The arcade does remain, however, and with one last, best reason. Hardware. Light-gun games, dance mats, digital batting cages, etc are prohibitively expensive for the average person to afford, yet can provide fun and unique experiences. Likewise, they are intuitive enough to be picked up and used without instruction by the casual or incidental gamer, the kind that is not likely to have access to many other distribution options at home (consoles or up-to-date graphics cards).
Sadly, as a distribution medium the arcade is faltering badly, in no small part due to the inefficient economic model behind it. 'Core gamers often go to the arcade looking for the "latest and greatest" in entertainment, but find perhaps one or two first run games, with a smattering of older games they don't wish to play. This would be like a movie-goer wanting to see Die Another Day, but only being able to watch Tomorrow Never Dies because the movie house couldn't afford to buy a new reel of tape from the studios. Game distributers still sell boards to the arcade owners, who in turn try to recoup their investment from the gaming public. This is a very inefficient way of going about making the highest profit, as the distributers feed from the arcade owners, who (in their financially weakened state) attempt to feed upon the customers. But it is the customers who bring money into the system as a whole, and it is they whom both the producers and the providers should be focusing upon.
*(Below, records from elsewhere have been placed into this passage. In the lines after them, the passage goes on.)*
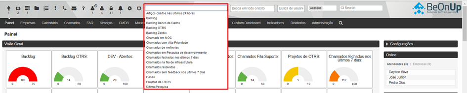 Esse módulo fica disponível através de um menu na interface do usuário no OTRS, lembrando que esse módulo pode ser restringido via permissão, de modo que podemos liberar essa visão apenas a alguns usuários clientes.
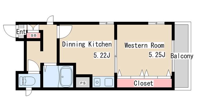 | 間取り | 1DK | 間取り詳細 | 洋室5.25 DK5.22 |
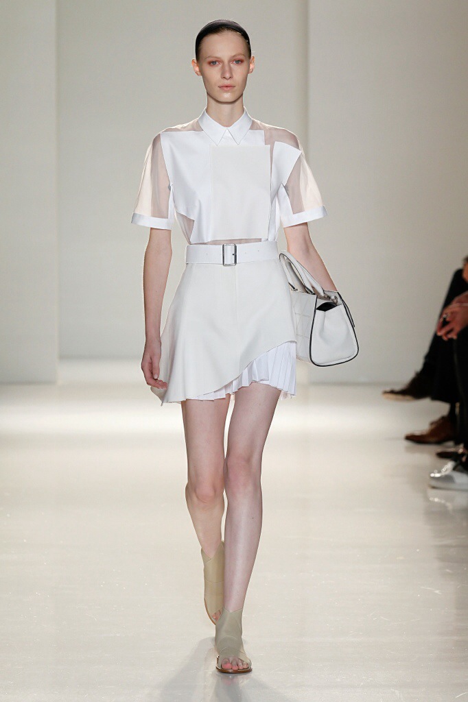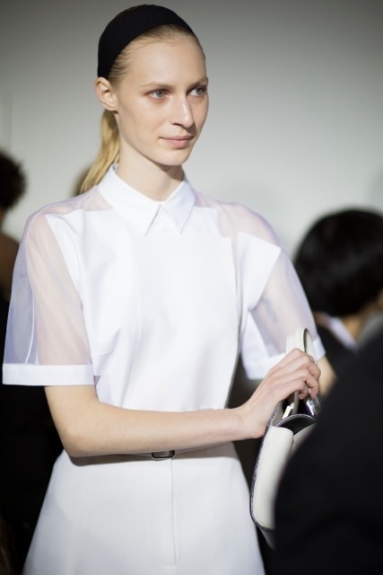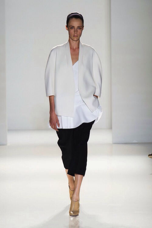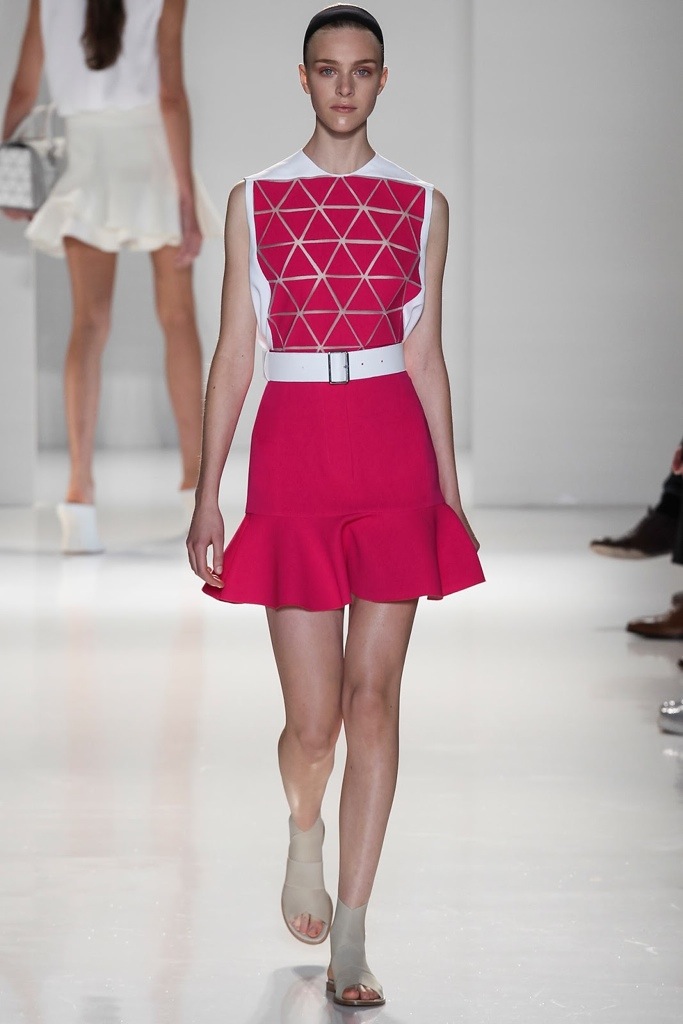 The SS14 by Victoria Beckham has it’s own, minimalistic mood, that I truly love. And by saying minimalism, I don’t mean the one that is presented at Celine or Jil Sander- Victoria, throughout the seasons sculpted her own style vision, that she’s devoted to in every collection and her everyday style. Kept in mostly black & white colours, the fuxia bright truss patterns on the shirts and skirts simply took all the brave away in the middle of the show. The jackets, bags and shoes looked all pretty comfortable, while the whole collection had it’s architectural, sharp cut in it. Victoria Beckham’s SS14 is a collection by strong women, who mixes work and family in a great style. By the way- the opening of the show was amazing- thanks to Edie Campbell, and the beautiful white-jacket-black-trousers outfit she wore!
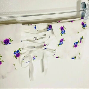 NWT For Love & Lemons Dahlia Boyfriend Shirt Corset Belt Blue White Floral
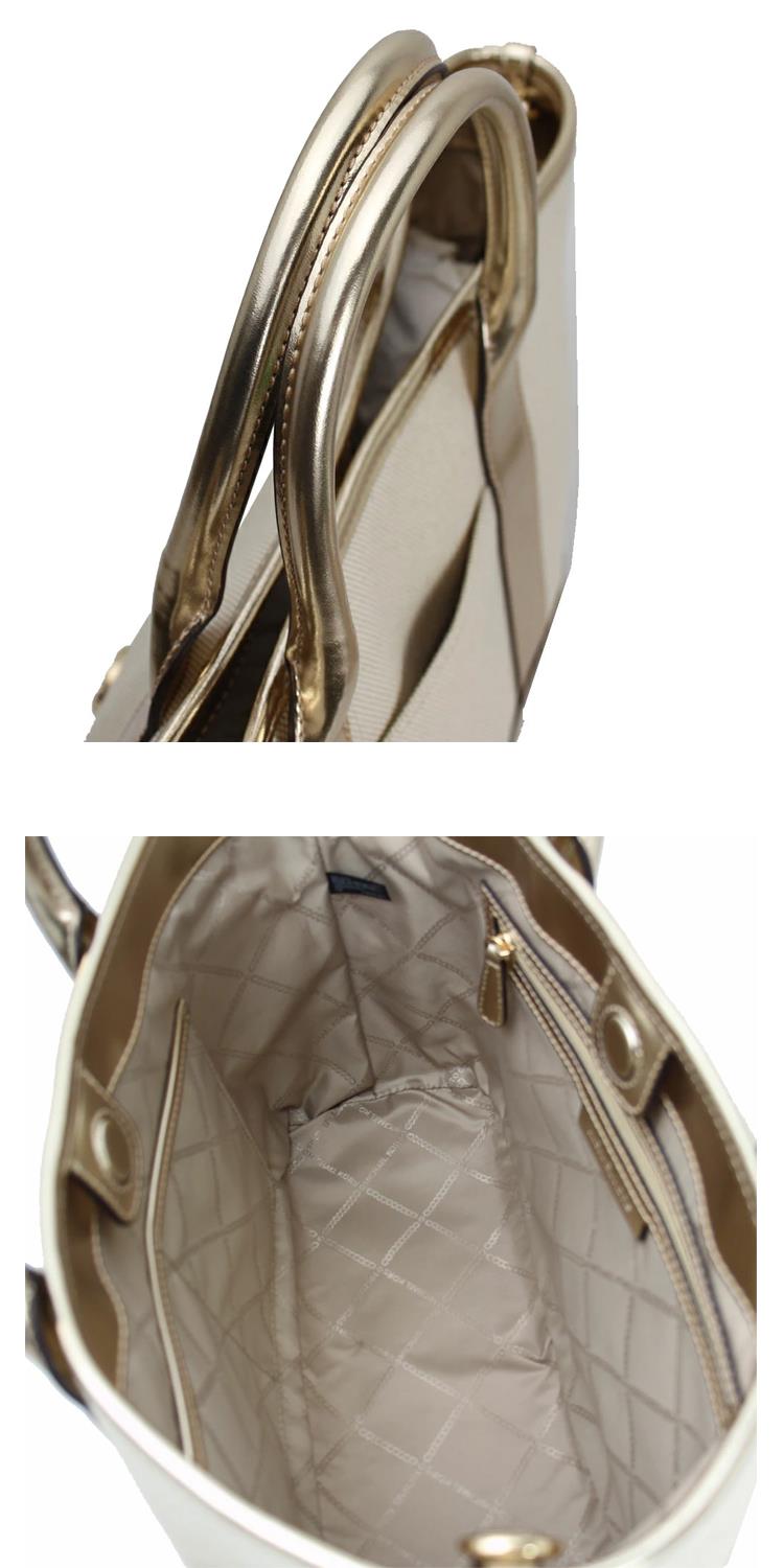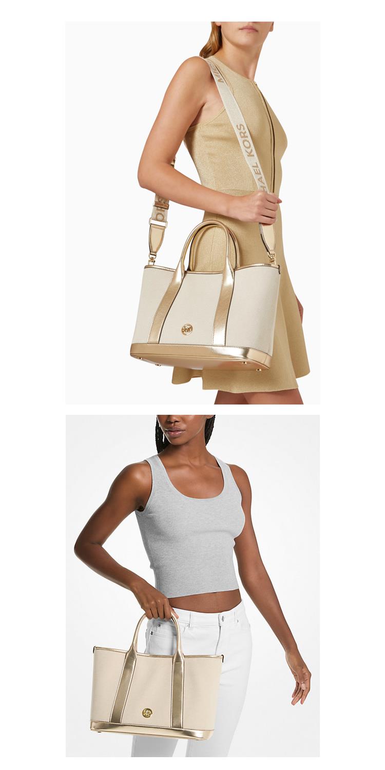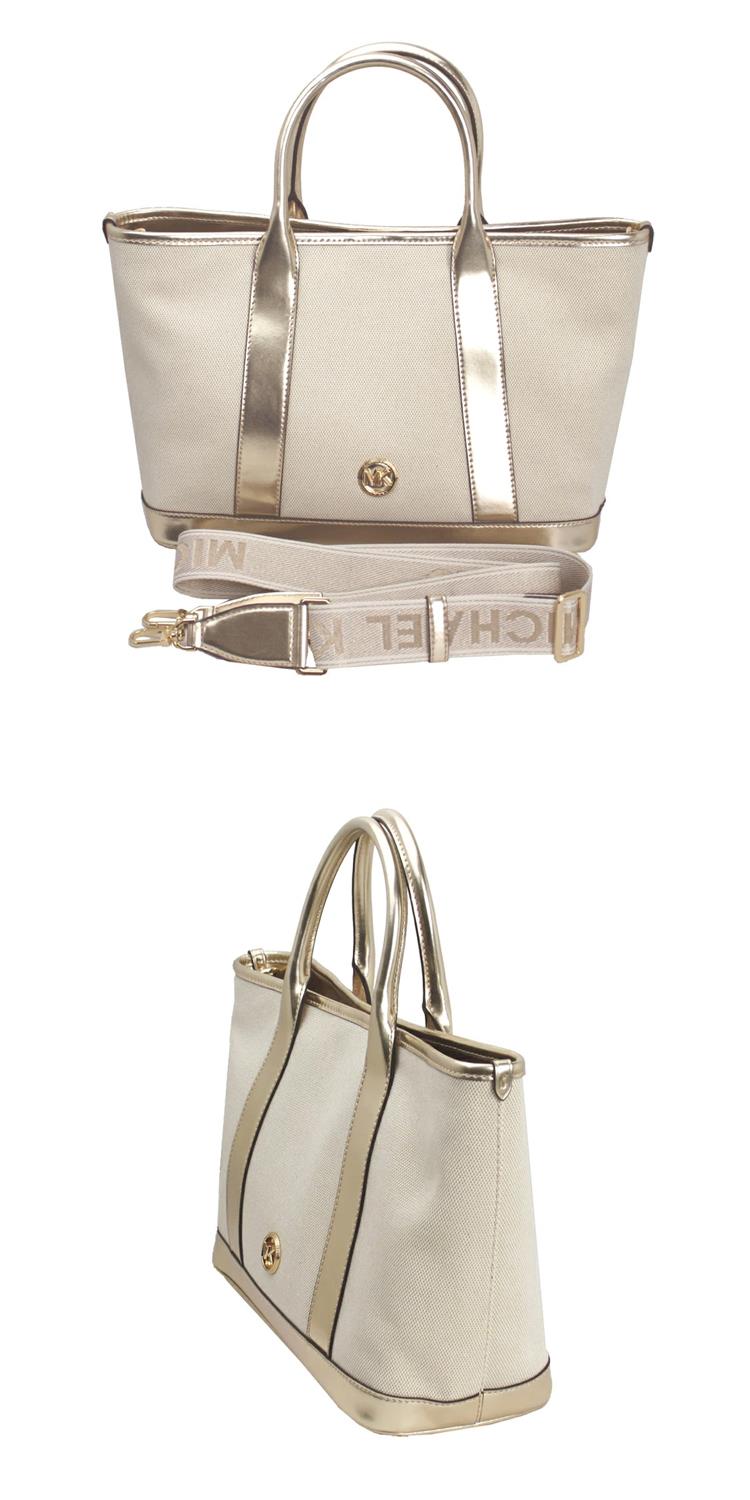 MICHAEL KORS 帆布中款兩用托特包-米白/金

For example, a Capcom vs. SNK machine may lay dormant in an arcade for most of a day while a Capcom vs. SNK 2 machine can still attract many customers per hour. As the difference between the two machines is largely software, and the software development costs are already sunk, what advantage does it provide Capcom if the arcade continues to provide the older game instead of the newer one? If Capcom were to enter into a profitsharing agreement with the arcade owner, the difference in the amount of quarters taken by the updated game could be split between the two parties to the betterment of all. Such profitsharing agreements are what allows Blockbuster video to have 20 copies of the latest movies available for rent... an arrangement that would have been impossible under the older 100-dollars-per-rental-movie paradigm. They realized that they should be looking for ways to maximize income from the consumer, not the business serving the consumer, and that they were in a unique position do to so because they were in an industry, like videogames, with high sunk costs and low materials costs.
If such an agreement could be struck amongst arcades and gaming companies, the consumer might return to the arcade as a "latest and greatest, premium" model showcase, just like theaters are used for today. Instead of being static, with few games coming in or going out, arcades could be dynamic new adventures for all comers. Instead of being irrelevant, arcades could be focal. Instead of hemmoraging money, arcades and the producers they partner with could return to profitability.
Are arcades dying out? Obviously. Are they an evolutionary dead end? Hardly. The next generation arcade needs to better equip itself to face the realities of business in an entertainment economy. And with such a change the industry could thrive.
We might even see a return of the great arcade culture.